Paper No. 12
Presentation Time: 9:00 AM-6:00 PM
TRANSPORT BEHAVIOR AND REACTIVITY OF NANOSCALE ZERO VALENT IRON STABILIZED WITH CARBOXYMETHYLCELLULOSE SIMULATED UNDER AQUIFER CONDITIONS IN 1-D REACTOR
WILLIAMS, Leslie L., Earth & Environmental Sciences, Wright State University, 3640 Colonel Glenn Highway, 260 Brehm, Dayton, OH 45435, GOLTZ, Mark N., Dept of Systems and Engineering Management, Air Force Institute of Technology, 2950 Hobson Way, Wright Patt AFB, OH 45433 and AGRAWAL, Abinash, Earth and Environmental Sciences, Wright State University, 3640 Colonel Glenn Highway, Dayton, OH 45435, leslielaviniawilliams@gmail.com
Reports of limited mobility of stabilized forms of nanoscale zero valent iron (nZVI) in porous media at bench-scale and simulated field-scale studies have become a key issue in its application for aquifer treatment and groundwater remediation.

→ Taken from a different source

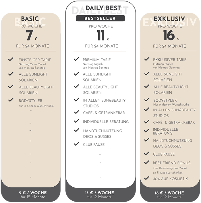 Keine versteckten Kosten. Kein Aufpreis für BeautyLight / Collagen und neue Bräunungsgeräte. Wir rechnen den Wochenpreis nur x 4 = Monatspreis. Viele Anbieter rechnen x 4,3.
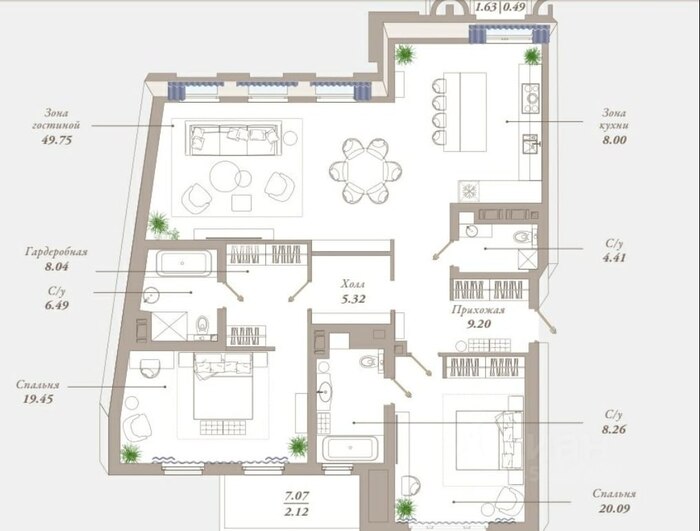 Санузлы практически в центре квартиры и в них удобно разместить потолочные пространства, вент установки, канальные кондиционеры, чтобы не было внутренних и висящих наружных блоков.

Changes in hydraulic conductivity of the aquifer medium upon injection of nZVI and its short life-span have also been reported in both large sand tank experiments and field studies. However, zero-valent iron nanoparticles stabilized with carboxymethylcellulose (CMC-nZVI) synthesized by modified borohydride reduction method have shown improved mobility in bench-scale flow-through reactors. Further, the injection of CMC-nZVI at field scale for in situ remediation of drinking water aquifers contaminated with chlorinated organic compounds has shown some success. CMC-nZVI has also shown a modest improvement in its ability to degrade toxic chlorinated hydrocarbons efficiently over other forms of nZVI in bench-scale studies.
This study investigates the transport behavior of CMC-nZVI in 1-D reactor under simulated aquifer conditions through the application of breakthrough curve analysis. The CMC-nZVI will be injected into a 30 cm long borosilicate glass column at a rate of ~ 100 mL min-1 and flushed with a 10 mM NaCl solution at a velocity of 1 m/d. Breakthrough curves based on conductivity measurements before and after CMC-nZVI injection will be helpful in characterizing changes in the hydraulic properties of the porous medium due to H2 evolution or entrapment of iron though the application of CXTFIT, a solute transport modeling software. The analysis of effluent samples from the column for ferrous iron, total iron, and nZVI using a spectrophotometric technique (phenanthroline method for iron determination) will determine the mass retained. Analysis of hydrogen gas (H2) using gas chromatography will be used to evaluate the longevity or the lifespan of CMC-nZVI upon injection through evolution of H2.